Agnes of Bohemia (, )  (1305–1337) was the only child of King Wenceslaus II of Bohemia by his second wife, Elisabeth Richeza of Poland. She was a member of the Přemyslid dynasty.

Family 
Her father's previous marriage to Judith of Habsburg had produced four surviving children, Wenceslaus III of Bohemia, Anna of Bohemia, Elisabeth of Bohemia and Margaret of Bohemia. Wenceslaus II died in 1305 and his heir Wenceslaus III was assassinated one year later, in Olomouc, on his way to Poland.
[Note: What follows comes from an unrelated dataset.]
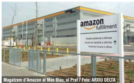
Magatzem d'Amazon al Mas Blau, al Prat

“Denunciem les condicions de treball que pateixen aquestes persones: des de fa uns mesos, aquesta empresa [Ilunion] du a terme els treballs de logística i magatzem que la plantilla d'Amazon es va negar a realitzar per la manca de mesures preventives. Però la manca de mesures preventives, lluny de solucionar-se, ha persistit i fins i tot s'ha

Agnes' mother, Elisabeth, subsequently married Rudolph III, son of Albert of Habsburg (King of the Romans) on 16 October 1306. Rudolph was chosen to be King of Bohemia by part of Czech nobility and Elisabeth remained queen for a short time. Rudolph died 4 July 1307 of dysentery after becoming ill during the siege of the fortress of one of the revolting noblemen, Bavor III of Strakonice. In his last will, Rudolph acknowledged Elizabeth's dowry towns and entailed her a huge amount of money.

Marriage 
Elisabeth arranged for Agnes to marry Henry I of Jawor. The wedding took place in 1316, however, because the two were related in the fourth degree of kinship, a papal dispensation was required. It was granted in 1325. Agnes' brother-in-law, King John of Bohemia opposed the marriage, which would make Henry a powerful rival, along with Bolesław III the Generous, the husband of Margaret of Bohemia, a half-sister of Agnes. 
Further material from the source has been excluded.